**Material provided**
——

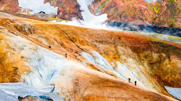 Les amateurs de randonnée du monde entier se rendent chaque année en Islande pour visiter le Laugavegur, un sentier de 55 km de long qui s’étend de la zone volcanique de Landmannalaugar aux glaciers de Thorsmork. Alors que la randonnée sur le Laugavegur prend normalement entre deux et quatre jours, vous pouvez apprécier une partie de sa beauté en seulement une ou deux heures en parcourant la boucle de 4 km du champ de lave de Laugahraun, souvent appelée la boucle de Landmannalaugar ou la « vague de soufre », l’un des meilleurs sentiers de randonnée de Landmannalaugar. Commençant près de la partie nord du camping de Landmannalaugar, ce sentier vous rapproche suffisamment du mont Brennisteinsalda pour que vous puissiez voir et sentir la vapeur qui s’échappe de sa base, avant de faire une boucle et de vous ramener au camping.
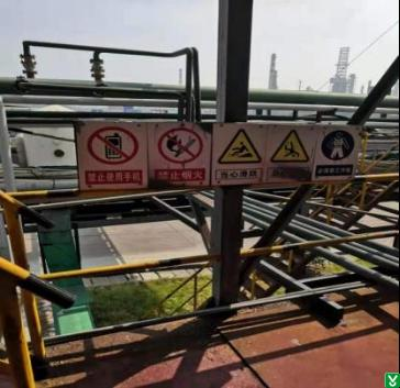4.隐患:乙醇精馏塔二楼警示标志张贴顺序错误
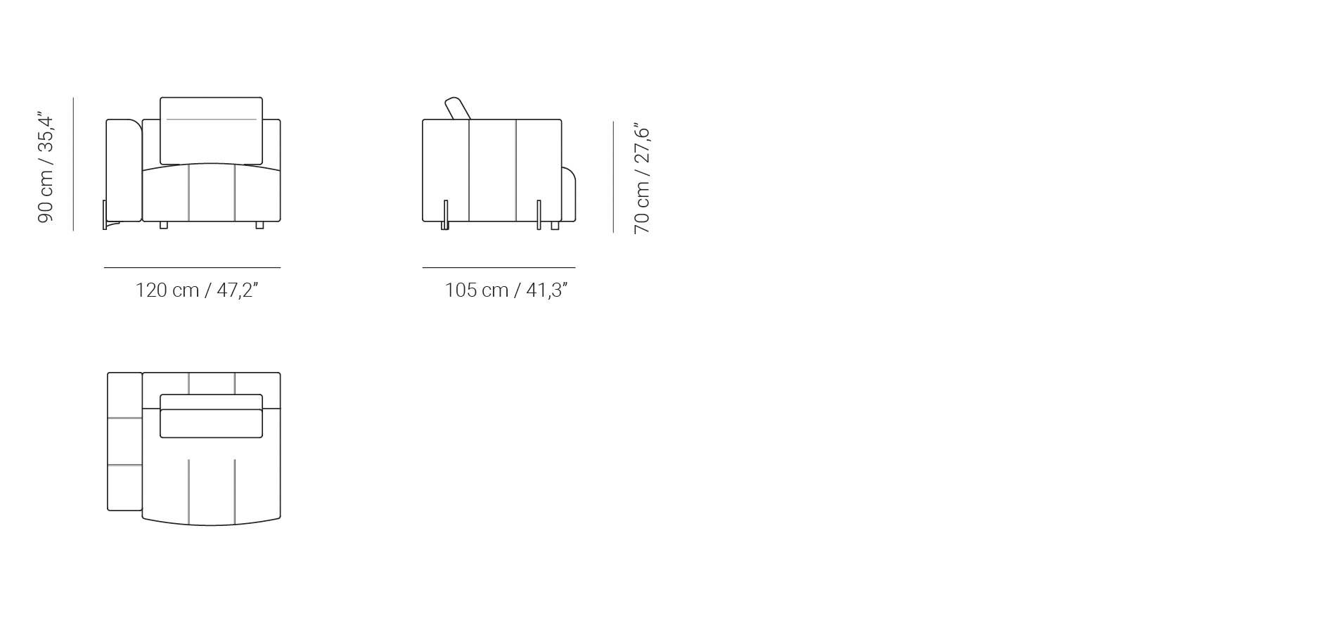 La colección Bellagio permite un alto grado de personalización. Dos opciones de traseras y brazos: recto y ancho, mantiene una estética más contemporánea, o curvo y ligero, aporta originalidad al diseño. Disponible una amplia gama de telas y pieles para el tapizado. Las patas metálicas se fabrican en diferentes acabados.

——

**Exercise requirements**
Drop every image, please, and write out the data above exactly as shown.

**Solution to the exercise**
 Les amateurs de randonnée du monde entier se rendent chaque année en Islande pour visiter le Laugavegur, un sentier de 55 km de long qui s’étend de la zone volcanique de Landmannalaugar aux glaciers de Thorsmork. Alors que la randonnée sur le Laugavegur prend normalement entre deux et quatre jours, vous pouvez apprécier une partie de sa beauté en seulement une ou deux heures en parcourant la boucle de 4 km du champ de lave de Laugahraun, souvent appelée la boucle de Landmannalaugar ou la « vague de soufre », l’un des meilleurs sentiers de randonnée de Landmannalaugar. Commençant près de la partie nord du camping de Landmannalaugar, ce sentier vous rapproche suffisamment du mont Brennisteinsalda pour que vous puissiez voir et sentir la vapeur qui s’échappe de sa base, avant de faire une boucle et de vous ramener au camping.
4.隐患:乙醇精馏塔二楼警示标志张贴顺序错误
 La colección Bellagio permite un alto grado de personalización. Dos opciones de traseras y brazos: recto y ancho, mantiene una estética más contemporánea, o curvo y ligero, aporta originalidad al diseño. Disponible una amplia gama de telas y pieles para el tapizado. Las patas metálicas se fabrican en diferentes acabados.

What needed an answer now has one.